Department of Pediatric Ophthalmology, Strabismus and Neuro-ophthalmology, Dr Shroff's Charity Eye Hospital, New Delhi, India.
Department of Ophthalmology, Massachusetts Eye and Ear, Boston, MA, USA.
Strabismus. 2024 Sep;32(3):195-201. doi: 10.1080/09273972.2024.2344538. Epub 2024 Jul 29.
Congenital enophthalmos is a rare condition characterized by posterior displacement of the globe, often associated with bony orbital anomalies or whole globe development defects. The purpose of this report is to present two unrelated cases of congenital enophthalmos secondary to anomalous accessory orbital bands and to describe characteristics of orbital imaging that differentiate this condition from the other causes.
The case records of two patients who presented with congenital enophthalmos and were discovered to have anomalous accessory orbital extraocular muscle bands were reviewed. The clinical features, initial diagnosis, high resolution magnetic resonance imaging (MRI) findings, and surgical outcomes were noted. A 3-dimensional reconstruction model was used to understand the approach and surgical management in one of the cases.
Both patients presented with unilateral severe enophthalmos, globe retraction, and restricted ocular motility in all directions since birth. High-resolution MRI of the orbits revealed a short anomalous band, isointense to the muscle, arising from a rectus muscle belly and attaching to the posteroinferior part of the globe adjacent to the optic nerve. The caliber of the extraocular muscles and ocular motor nerves was normal. In one patient, surgery was not pursued due to the extreme posterior location of the band with proximity to the optic nerve. In the other patient, the deviation did not improve, despite successfully severing the accessory band, due to extensive scarring.

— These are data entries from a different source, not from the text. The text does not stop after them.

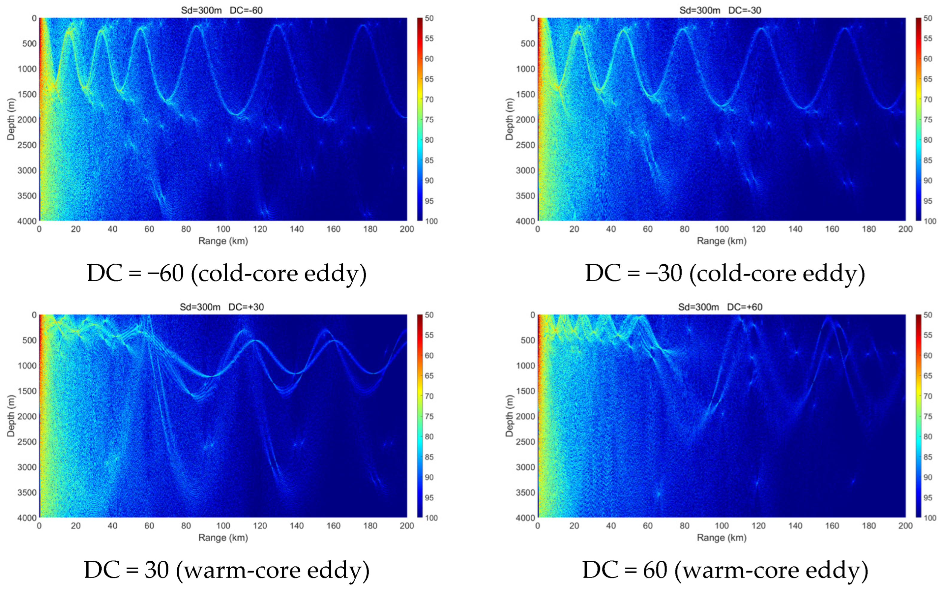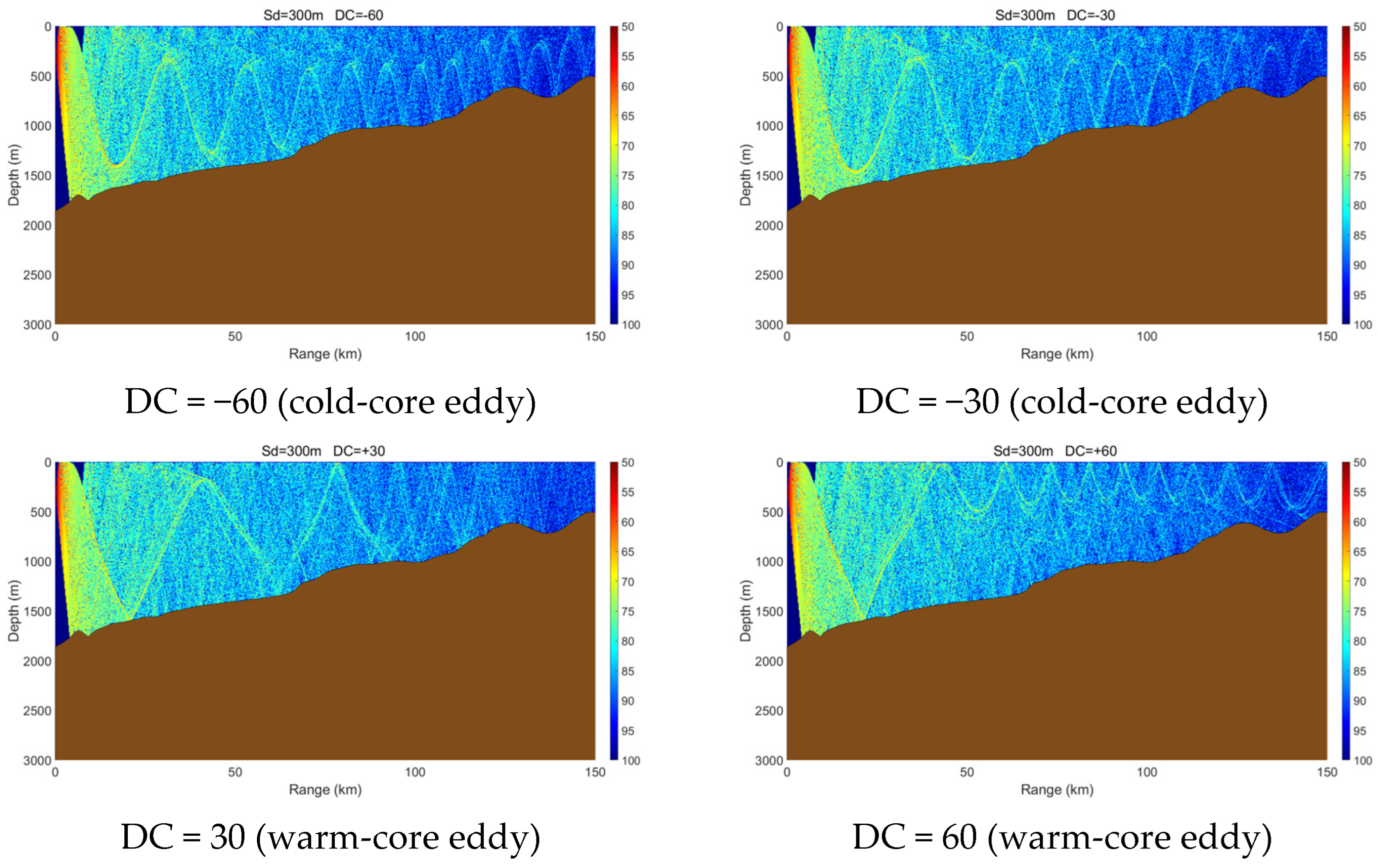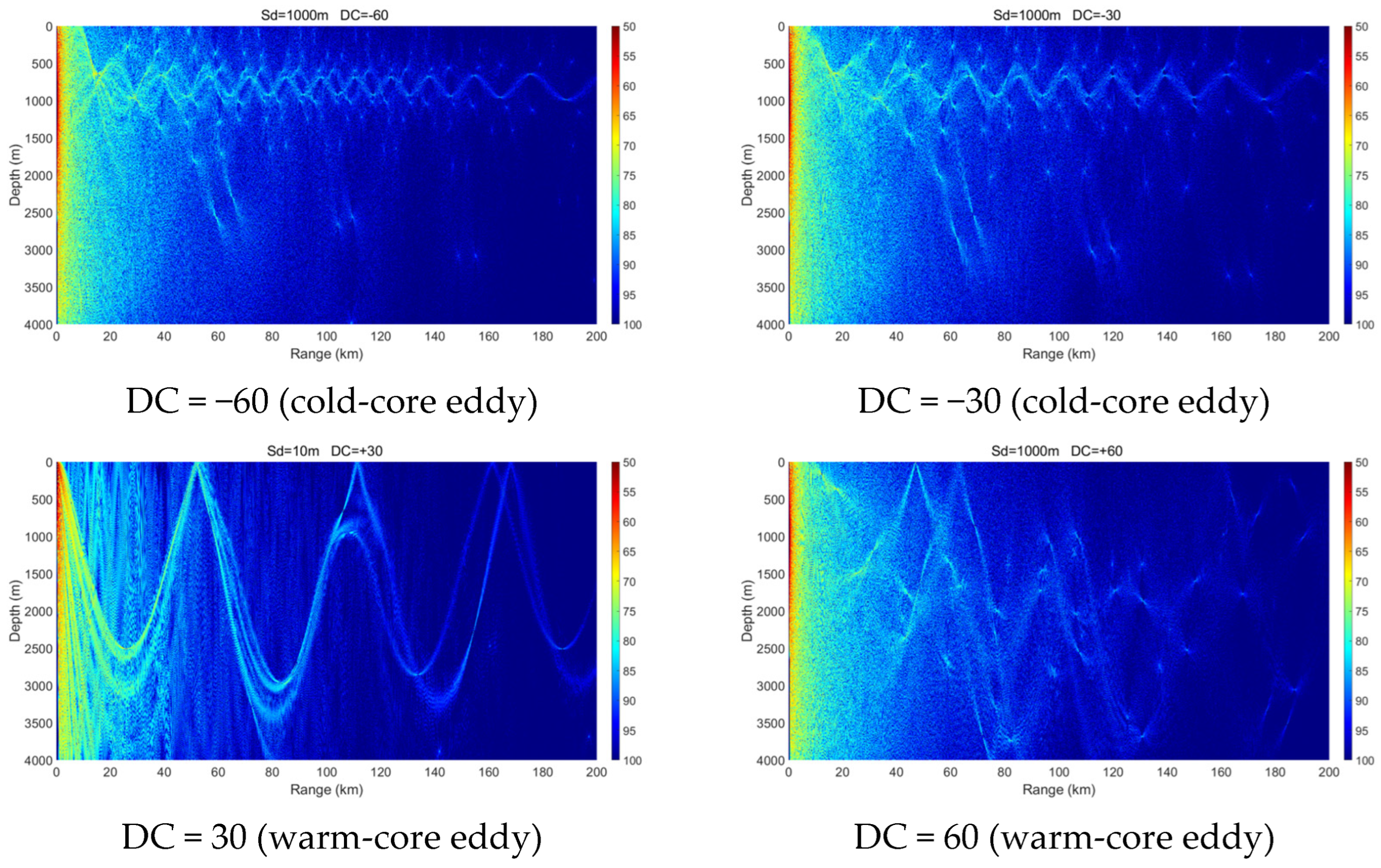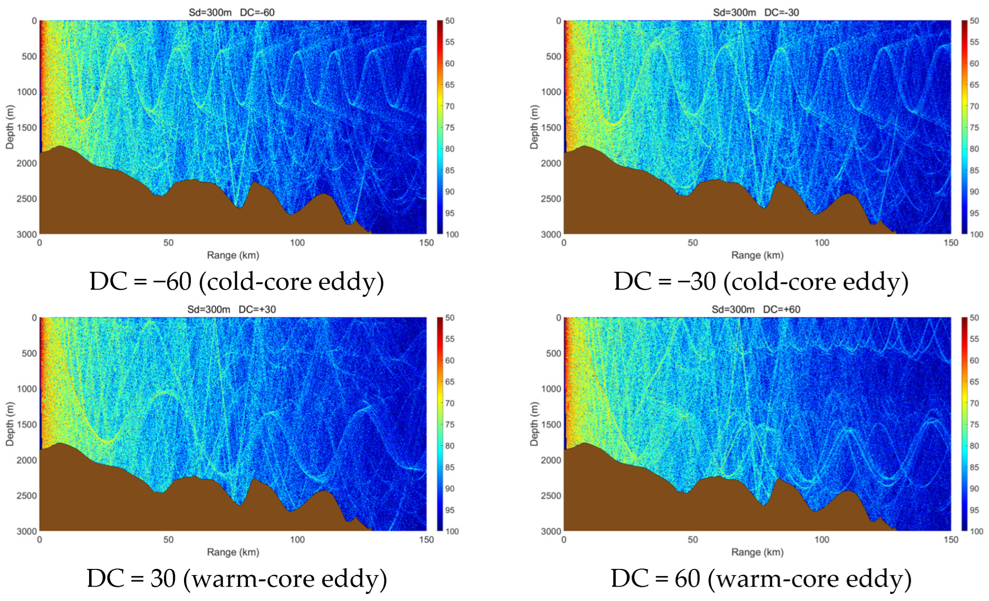 - Wu, Y.S.; Qin, J.X.; Li, Z.L.; Wu, S.; Wang, M.; Li, W.; Guo, Y. Warm-core eddy effects on sound propagation in the South China sea. Appl. Acoust. 2023, 211, 109551. [Google Scholar] [CrossRef]
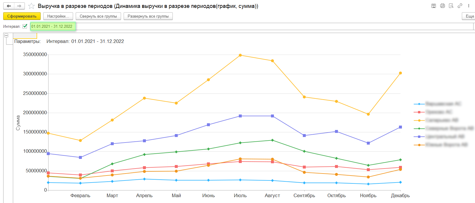 Текущий раздел представляет собой группу отчетов и позволяет получить сводные сведения по различным периодам. Данные могут бы представлены как в табличной форме, так и в диаграммах. Достаточно выбрать необходимый отчет, указать период и нажать кнопку Сформировать.
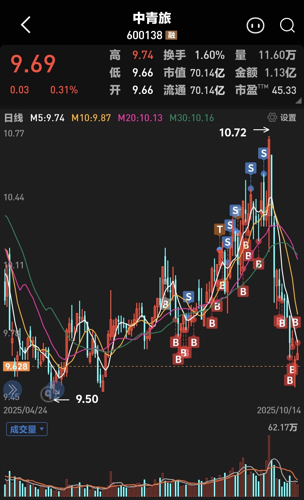 $中青旅(SH600138)$ 再次回到底部,买入没啥可赔的
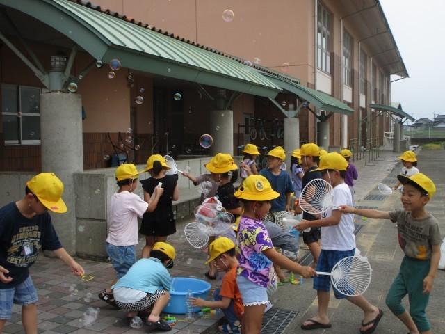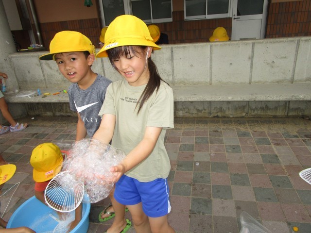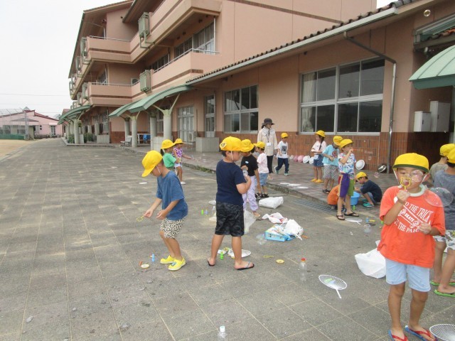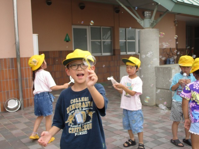 シャボン玉遊びをしました。小さいシャボン玉、大きなシャボン玉、長細いシャボン玉等をつくり、楽しみました。

Anomalous accessory orbital extraocular muscle bands are a rare and often overlooked cause of congenital enophthalmos when associated with limited ocular motility. Imaging the orbit can aid in diagnosis and help differentiate it from other causes. Safe surgical approaches to address the problem are limited, and available approaches may not be effective. These two cases highlight that the management of accessory extraocular muscle bands causing enophthalmos can be extremely challenging and difficult to improve even with intensive surgical intervention.
先天性眼球内陷是一种罕见的疾病,其特征为眼球后移位,常伴有骨眶畸形或整个眼球发育缺陷。本报告旨在介绍两例因异常副眶眼外肌带引起的先天性眼球内陷病例,并描述区分这种情况与其他病因的眼眶影像学特征。
回顾了两名表现为先天性眼球内陷并发现异常副眶眼外肌带的患者的病例记录。记录了临床特征、初始诊断、高分辨率磁共振成像(MRI)结果和手术结果。使用三维重建模型来理解其中一个病例的手术方法和处理。
两名患者均表现为单侧严重眼球内陷、眼球退缩和自出生以来各向运动受限。眼眶高分辨率 MRI 显示一条短的异常带,与肌肉等信号,从直肌腹发出,附着在视神经附近的眼球后下部分。眼外肌和眼运动神经的口径正常。在一名患者中,由于带的极度后向位置靠近视神经,手术未进行。在另一名患者中,尽管成功切断了副带,但由于广泛的疤痕形成,斜视没有改善。
当伴有有限的眼球运动时,异常副眶眼外肌带是先天性眼球内陷的一种罕见且常被忽视的原因。眼眶成像有助于诊断,并有助于与其他病因区分。解决问题的安全手术方法有限,现有的方法可能无效。这两个病例表明,即使进行密集的手术干预,异常副眼外肌带引起的眼球内陷的处理也极具挑战性且难以改善。